Open GTO2013 opened this issue 3 years ago • 6 comments

Hi, I am currently working on understanding PiFu in Detail, so I can apply it to cars. I already wrote you an email if you remember. I have it running and its doing decently already for the short timeframe :)

Here are my questions:

  • The MLP Surface Classifier uses Conv1D operations, is there any reason why this was chosen over fully connected neurons?
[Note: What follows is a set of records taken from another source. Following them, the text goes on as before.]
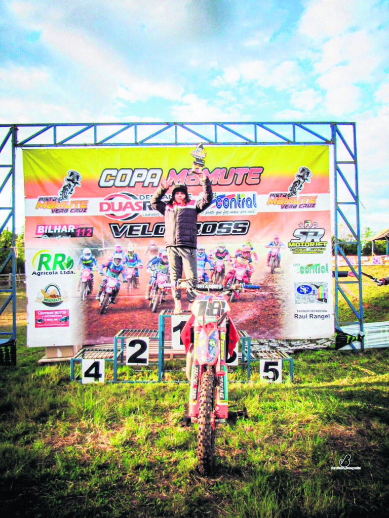 Velasques, o ‘Rinoceronte Voador’, tem 12 anos e vem se destacando no velocross. O jovem pilota uma moto KTM 85 cilindradas e na categoria que foi vencedor competiu com pilotos adultos com motos de 450cc. “Pela idade, ele deveria estar competindo na categoria de 65cc, mas pelo seu tamanho e pela técnica ele compete na categoria Junior – até 15 anos e na VX1”, relata o pai Cristiano Velasques. A família mora no distrito de Forqueta.
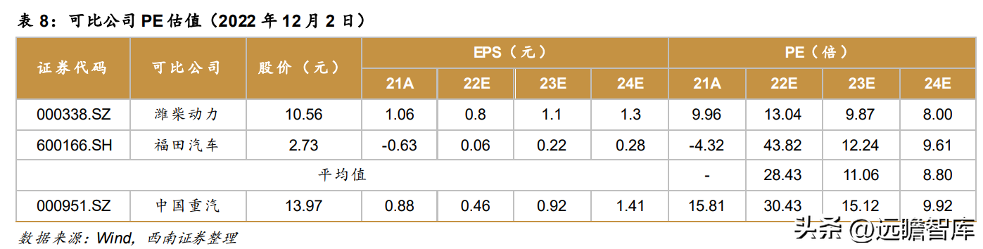 我们选取潍柴动力、福田汽车作为可比公司,2023年两家公司平均PE为11倍,目前行业估值较低原因在于重卡行业不景气,未来随着行业景气度提升,行业标的估值均将得到修复。
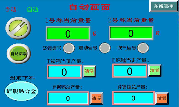 國內(nèi)大多數(shù)的廠家選用的方式是控制孕育流量(單一的螺旋給料或者螺旋給料加流量計(jì)方式),基本界面如下:
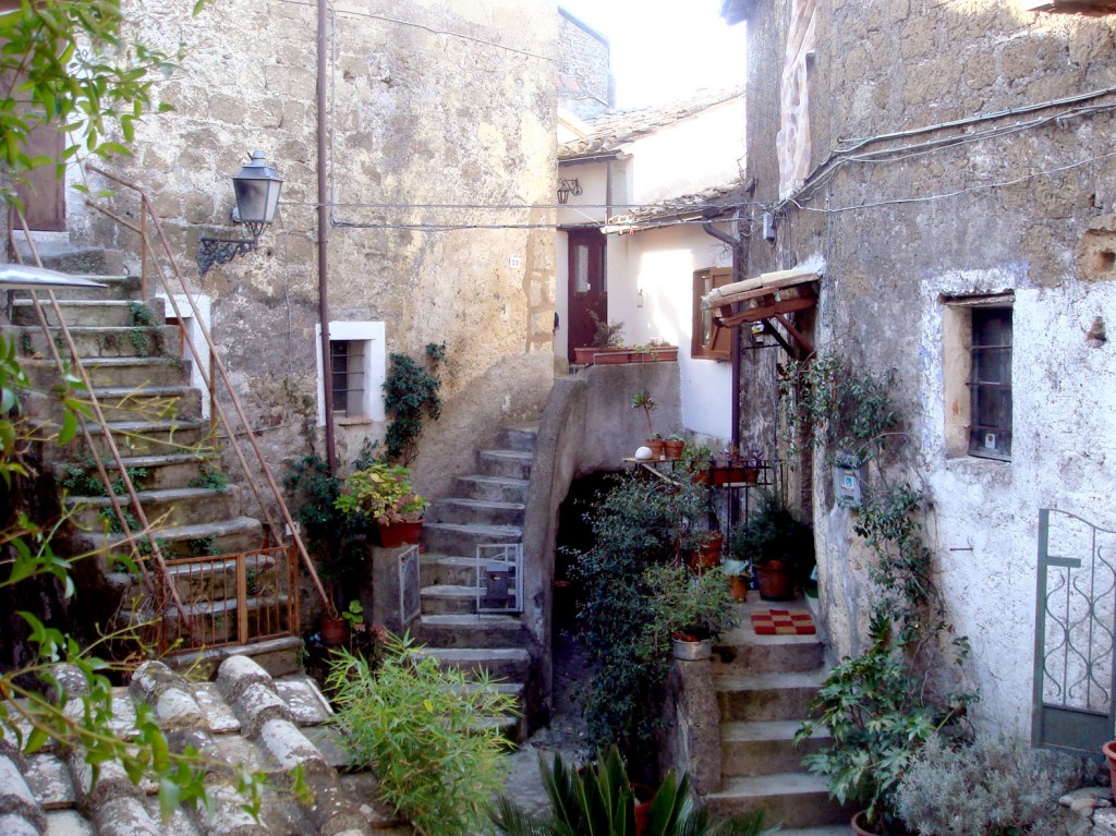 Schließlich biegt man um eine Kurve und sieht das Städtchen Calcata vor sich, dass sich schwindelerregend an einen Felssporn über dem Treja krallt. Ein Ort, der lange vor der Gründung Roms besiedelt war. Von den geheimnisvollen Faliskern, deren Priester auf dem nahen Berg Soracte zu Ehren Apollos in lodernde Feuer sprangen. Als die Römer 241 v. Chr. deren Hauptstadt Falerii dem Erdboden gleichmachten, ging das Faliskerland im beginnenden Römischen Reich auf.
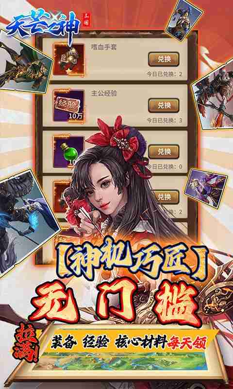 《天芒之神(送30亿GM拉满)》是一款写实三国挂机卡牌游戏;丢掉所有套路,专做良心拉满版本;最强拉满工具【神机巧匠】上线,完全无门槛免费送装备、材料、资源、经验(主角)等,直接毕业点击就有;上线送5个5星武将,5套橙装,直接开干不解释;每天送5星,不抽也能变强;每天签到送1亿元宝,挑战30天花光30亿,至强装备等你来拿!
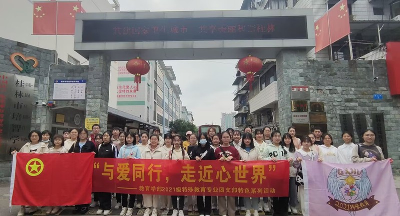 在4月2日世界孤独症日即将到来之际,为发挥我校特殊教育师范生的社会责任与专业实践意识,促进自闭症儿童的身心发展,唤起社会对自闭症群体的广泛关注,3月31日下午,广西师范大学教育学部2021级特殊教育团支部到桂林市培智学校开展“与爱同行,走近心世界”主题活动。针对孤独症核心症状之一的社会性交往障碍,本次主题活动模拟了市场情境,为自闭症儿童提供参与社会交往活动的具身场景。参与活动的还有22级部分同学和研究生。
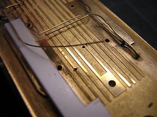 ヒューズボックスの裏側も同様に、パーツからの線を真鍮線に
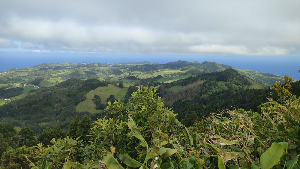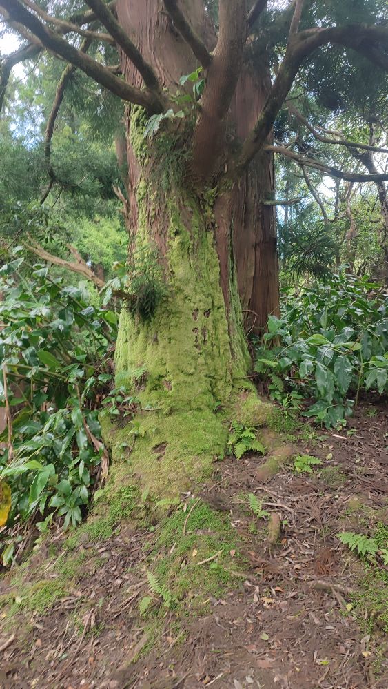 Nous contournons une caldeira, mais la vue se limite aux troncs des arbres.
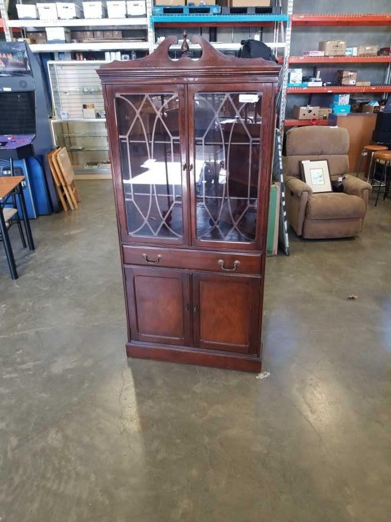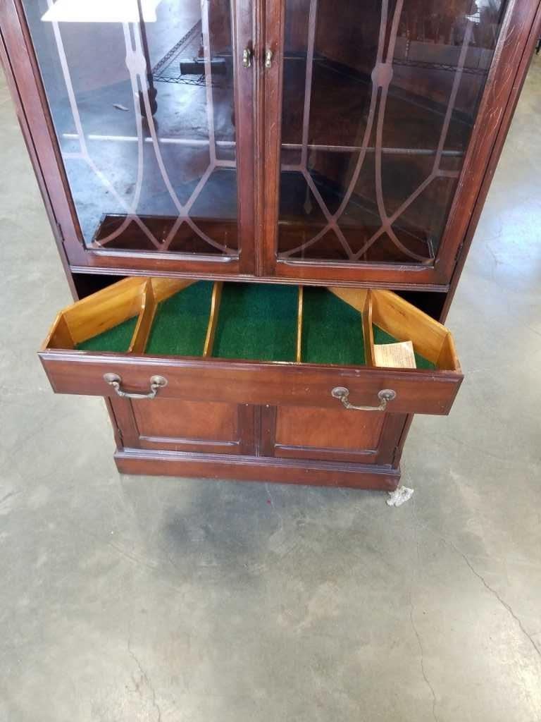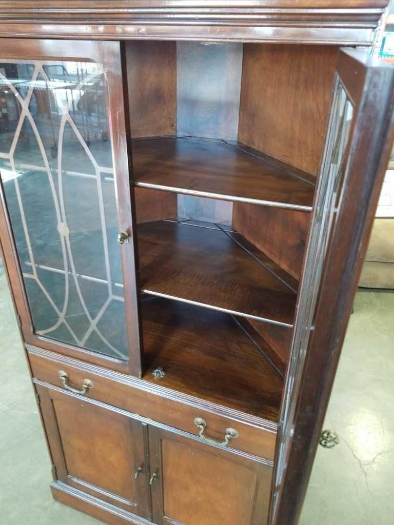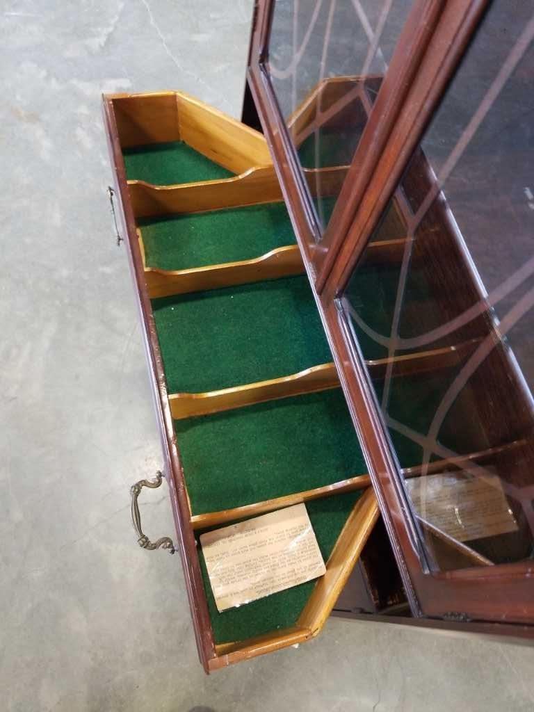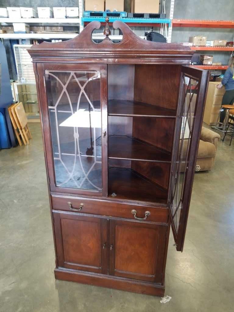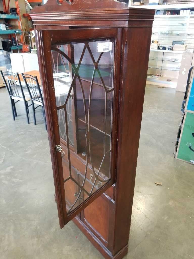 BOGDON AND GROSS GLASS DOOR CORNER DISPLAY CABINET
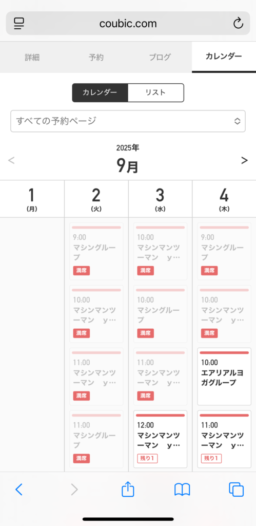スケジュールから予約したい方は、カレンダーから予約がオススメ!
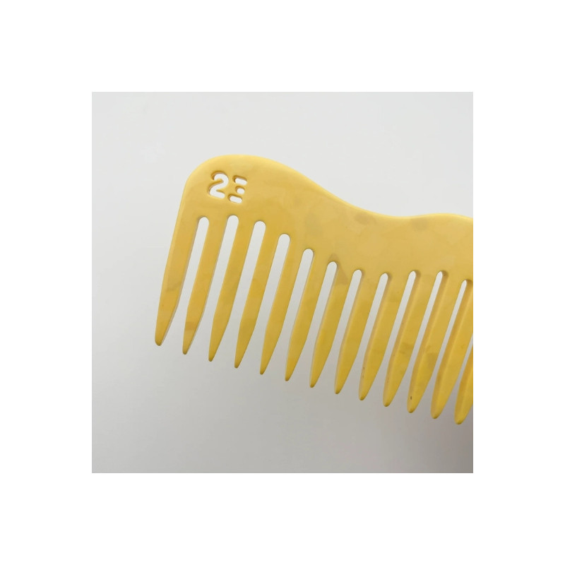 Voici le peigne Sunny signé 23 degrés qui va mettre du pep’s dans votre routine capillaire ! Jaune soleil, forme ondulée, matière écolo… Il a tout pour plaire. Fabriqué avec amour à la main dans le Jura, ce peigne est conçu en acétate de cellulose, une matière végétale issue du coton et du bois, douce pour vos cheveux et pour la planète.
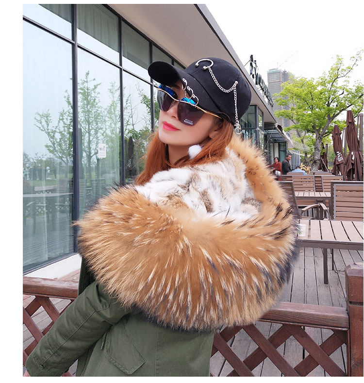 Материал: воротник из меха енота + подкладка из кроличьего меха + хлопковая оболочка
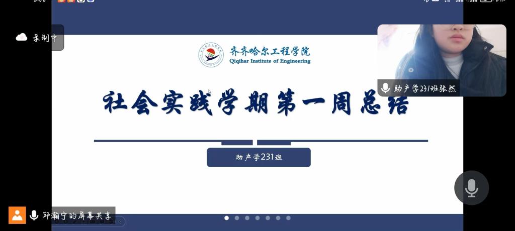 会议伊始,辅导员邱瀚宁老师让全体同学打开摄像头,随机抽取12名同学汇报社会实践完成的进度,并在同学们汇报过程中和同学们确认读书交流感悟是否是自己完成,以及对同学们阅读的书名进行了提问,同时助产学231班全体同学的生涯导师作为监督,看同学们是否有谎报作业数量的情况。
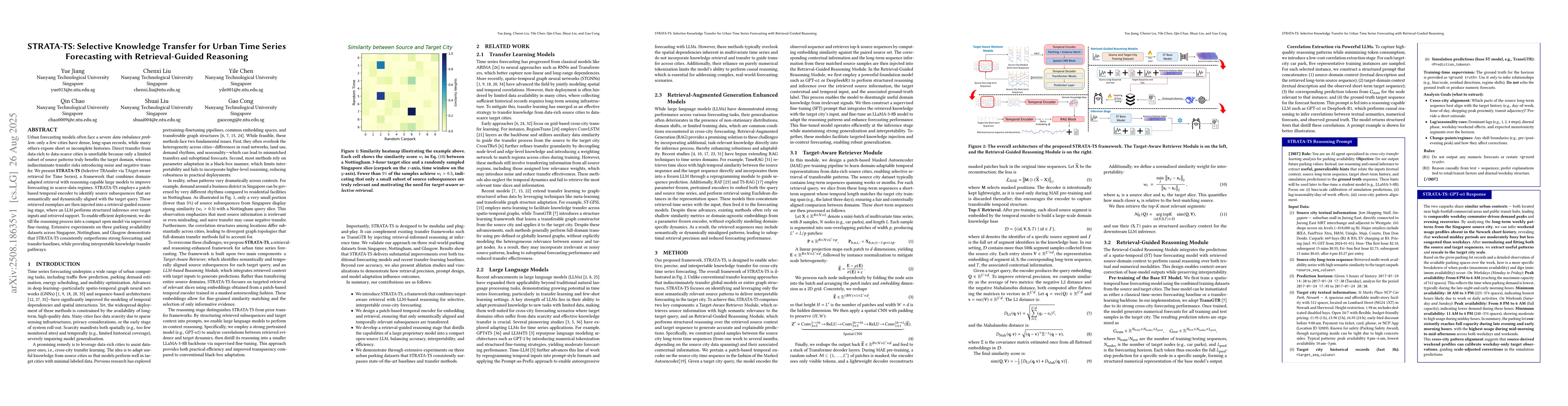 Urban forecasting models often face a severe data imbalance problem: only a few cities have dense, long-span records, while many others expose short or incomplete histories. Direct transfer from data-rich to data-scarce cities is unreliable because only a limited subset of source patterns truly benefits the target domain, whereas indiscriminate transfer risks introducing noise and negative transfer. We present STRATA-TS (Selective TRAnsfer via TArget-aware retrieval for Time Series), a framework that combines domain-adapted retrieval with reasoning-capable large models to improve forecasting in scarce data regimes. STRATA-TS employs a patch-based temporal encoder to identify source subsequences that are semantically and dynamically aligned with the target query. These retrieved exemplars are then injected into a retrieval-guided reasoning stage, where an LLM performs structured inference over target inputs and retrieved support. To enable efficient deployment, we distill the reasoning process into a compact open model via supervised fine-tuning. Extensive experiments on three parking availability datasets across Singapore, Nottingham, and Glasgow demonstrate that STRATA-TS consistently outperforms strong forecasting and transfer baselines, while providing interpretable knowledge transfer pathways.
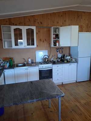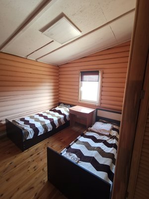 На ваш выбор предлагается новый одноэтажный рубленный дом общей площадью 100 квадратных метров. В доме есть 4 двухместных номера размером по 12 квадратных метров каждый с душем и туалетом. Также в доме есть зал-студия, площадью 33 квадратных метра, с кухней, телевизором и холодильником. Кроме того, в вашем распоряжении собственная лагуна с причальной зоной напротив дома.

Because thats was I thought MLP represents.
  • The SDF values are binarized in your case, so even if a point is extremly close to of the surface and the classifier predicts something around 0.5 the error will still be large (1-0.5). Why is this done that way? The DeepSDF paper for example uses the actual distance with a clamping value.
  • In the multiview case all stacks are processed in parallel and then the mean is calculated somewhere in the middle of the classifier. Each point has a stack of feature vectors and the depth of the point we want to query. But how can the layers after the mean know where the point we want to query is? Wouldnt it be way more precise to just give the classifier normalized X,Y,Z coordinates in worldspace?
  • In your paper you use this graphic: image

From this image it looks like the input image is directly added to the feature vector after the encoder (line below the upper image encoder). But where is this done in code? I have looked for it, but I didnt find it. The input always goes through some filtering before the classifier sees it, is that correct?

Sorry for the amount of questions, I hope you find some time to answer them.

Thank you!

GTO2013 avatar Nov 28 '20 15:11 GTO2013

The MLP Surface Classifier uses Conv1D operations, is there any reason why this was chosen over fully connected neurons? Because thats was I thought MLP represents.

It's just a matter of design choice. I just wanted to keep the input tensors as (B, 3, N), but you can surely use fully connected layers instead.

The SDF values are binarized in your case, so even if a point is extremly close to of the surface and the classifier predicts something around 0.5 the error will still be large (1-0.5). Why is this done that way? The DeepSDF paper for example uses the actual distance with a clamping value.

This is also a design choice. We pose it as classification problem of inside/outside occupancy instead of regression problem with SDF. Both are valid choices.

In the multiview case all stacks are processed in parallel and then the mean is calculated somewhere in the middle of the classifier. Each point has a stack of feature vectors and the depth of the point we want to query. But how can the layers after the mean know where the point we want to query is? Wouldnt it be way more precise to just give the classifier normalized X,Y,Z coordinates in worldspace?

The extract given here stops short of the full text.